I've held onto my goal weight for nearly 2 weeks now. Nothing quite keeps you honest the way meeting that magic number will. I've decided that 140 is where I want to be, so I'm still consuming calories in such a way to lose weight. This past weekend I went a little overboard with the fried food, but I got back on track quickly. Being prepared will always work... having the equipment in your fridge and your cabinet to fuel your body and eat healthily sets you up for success.

This past weekend I did do something pretty fun with one of my friend's daughters. We had a little “girls” day which included going to the Mall and trying on clothes that we had no intention of buying... but the AWESOME part was that we were both trying on clothes from the JUNIORS section. And she's 12... and I'm not... :D It made me feel really awesome. Here's a couple samples of what was tried on:



I still have so much trouble when I look in the mirror, but a full length mirror has become something I really enjoy being around. I'm really toning up and losing surface area. I can see my pulse in my wrist. My clavicles are gorgeous.

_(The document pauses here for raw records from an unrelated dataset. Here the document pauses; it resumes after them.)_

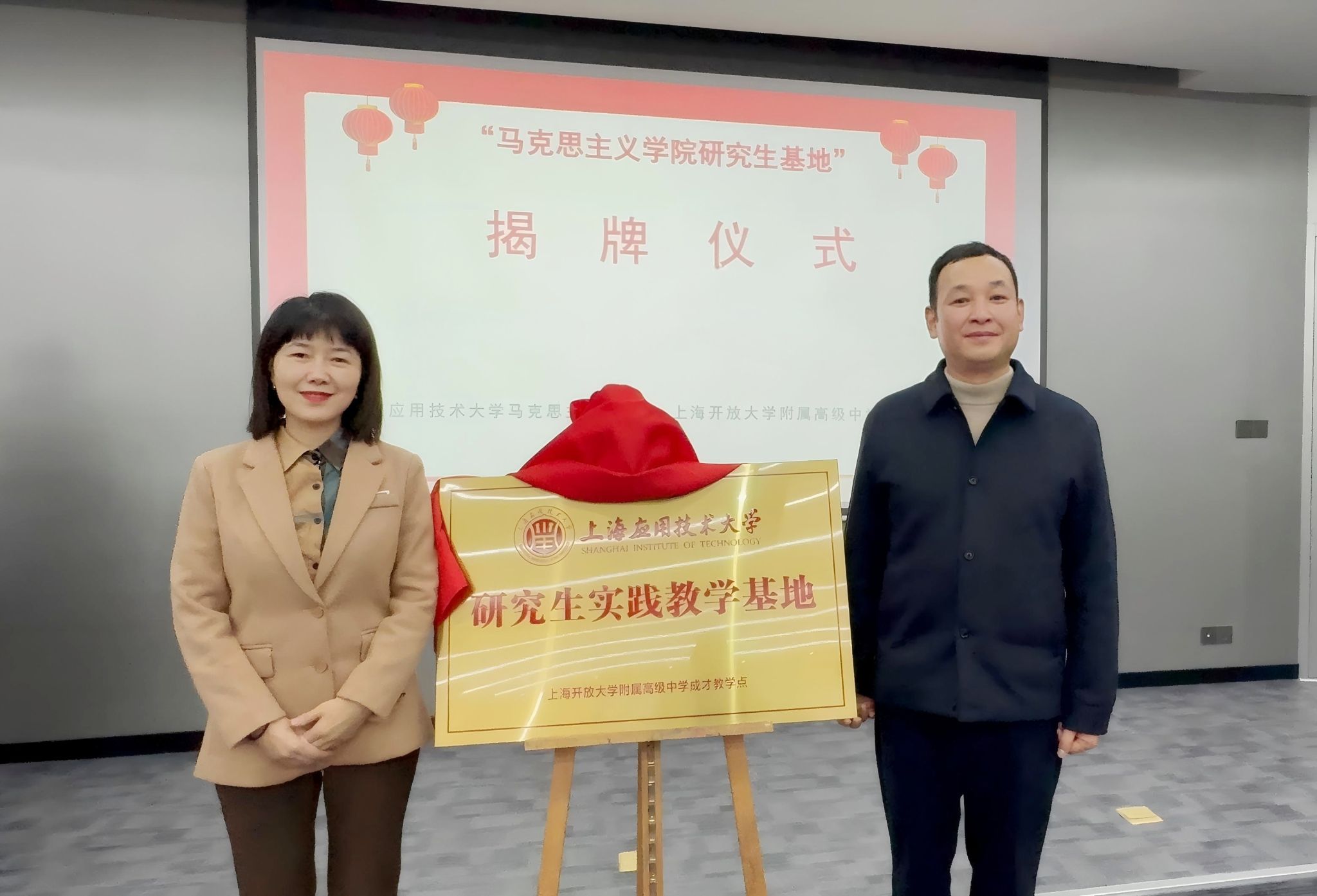 11月21日,马克思主义亚博足彩与上海开放大学附属高级中学成才教学点共建 “大思政课实践教学基地” 签约暨揭牌仪式在成才教学点举行。马克思主义亚博足彩党总支副书记牛亏环,上海开放大学附属高级中学直属党支部书记洪建峰、主任祝红英,上海成才教育亚博足彩董事长徐鸿、校长王雪敏出席仪式。
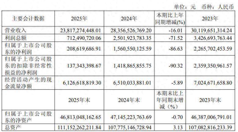 4月22日,永泰动力(600157)公布2025年年报,公司商业收入为238.17亿元,同比下降16.01%;归母净利润为2.09亿元,同比下降86.6%;扣非归母净利润为1.37亿元,同比下降90.3%。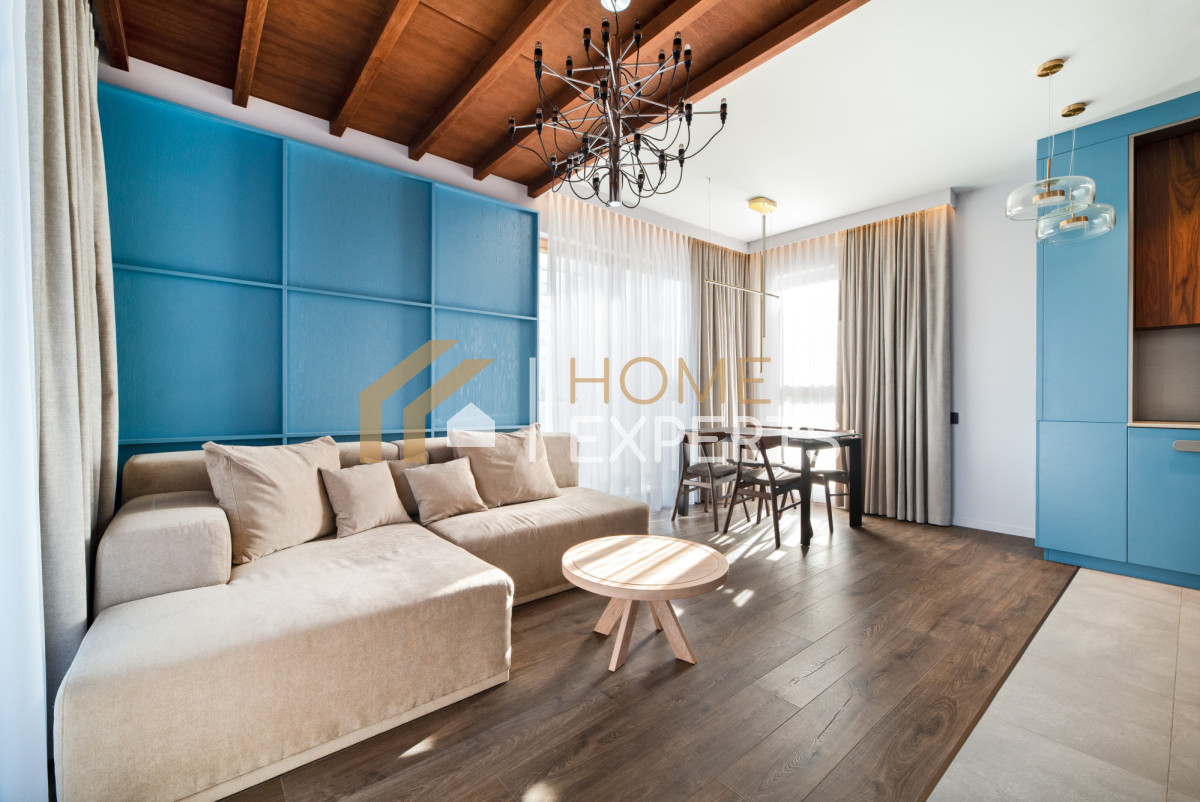 Całość została wykończona według aranżacji architekta w nowoczesnym, ale przytulnym stylu, z dbałością o każdy detal i przy wykorzystaniu wysokiej klasy materiałów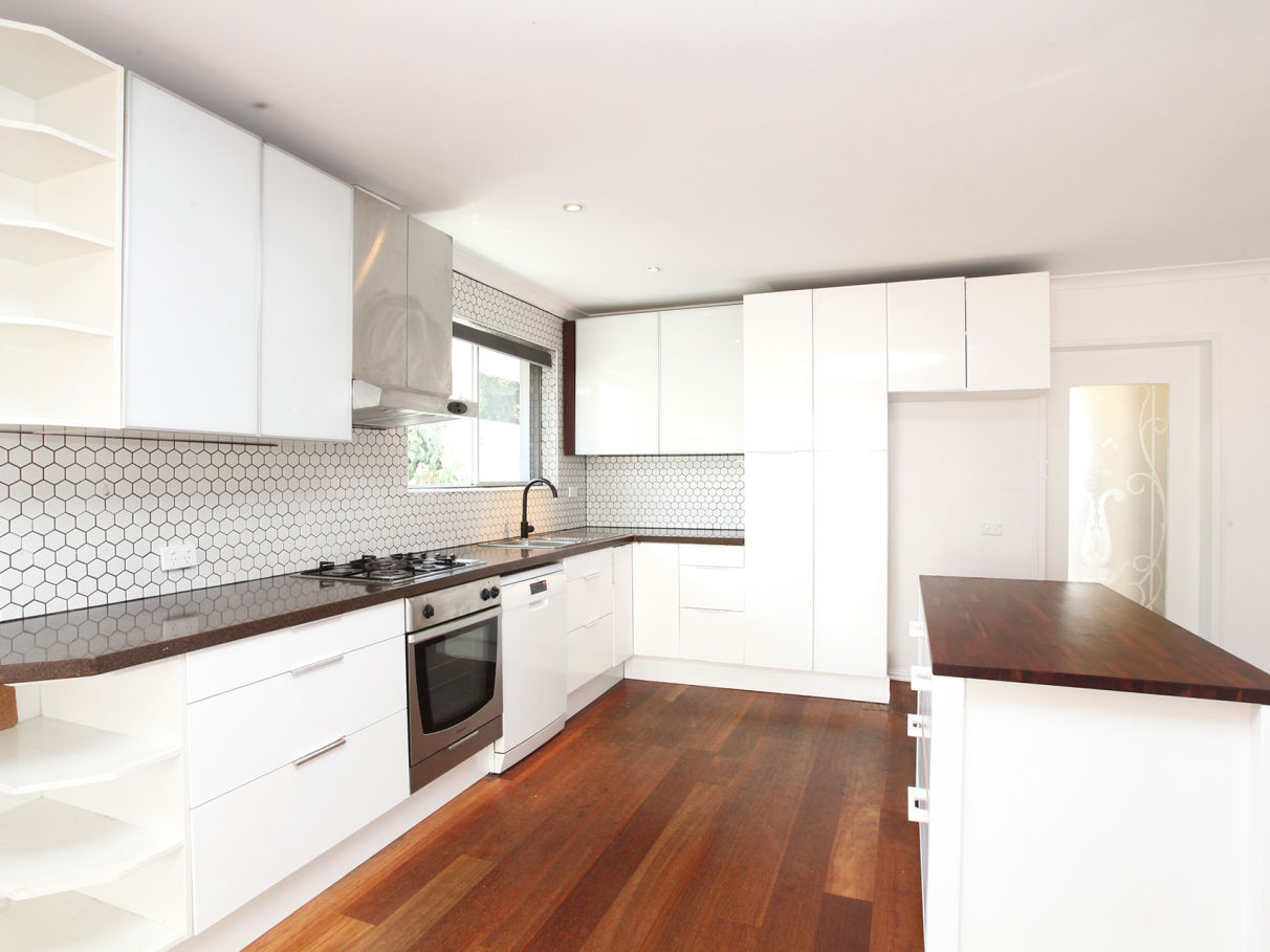 A unique tiered design offers a choice of three outdoor spaces, from a private front courtyard opening out from the open plan living/dining/kitchen area, to the elevated rear patio or lower back garden. Enjoy open plan living and polished floorboards, and the low-maintenance, reticulated outdoor spaces.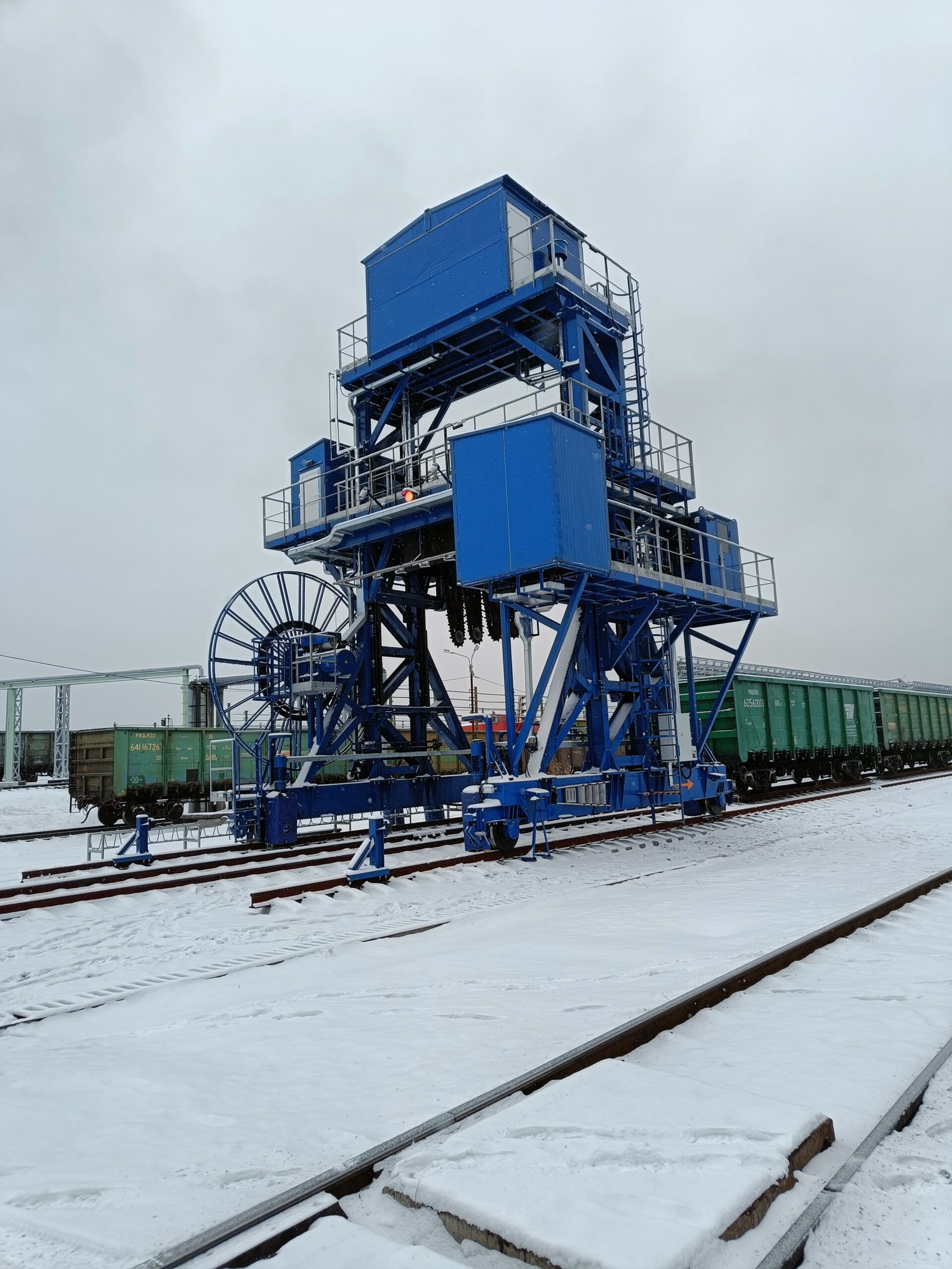Полувагон со смерзшимся углём до и после обработки рыхлительным комплексом

I'm just so proud of myself.

There wasn't much food talk in this post, but I wanted to share a couple snacks that I've enjoyed recently!! Avocado has become the love of my life and eating it with cottage cheese is the BOMB. I also did some boiled eggs (I did the baked boiled eggs that I mentioned in a previous post) and squirted some Wholly Guacamole into the place where you'd normally put your deviled egg filling. OMG that was delicious. I've also got some Vitatops in my freezer that I'm excited to eat soon. I love the Deep Chocolate ones with peanut butter on top.

Speaking of peanut butter, did I mention that I made my protein shake with vanilla whey protein, skim milk and a tablespoon of peanut butter?

I love food.

I've also tried switching up my workouts!  Kickball season is over so I've signed up now for bowling, which doesn't start until the end of October but I'm SUPER psyched!  I also traded ballet for tap class!  I'm really excited and will hopefully get my shoes in the mail soon!  Hopefully I'll still catch a ballet class every now and then, but mixing things up is always the way to keep things interesting.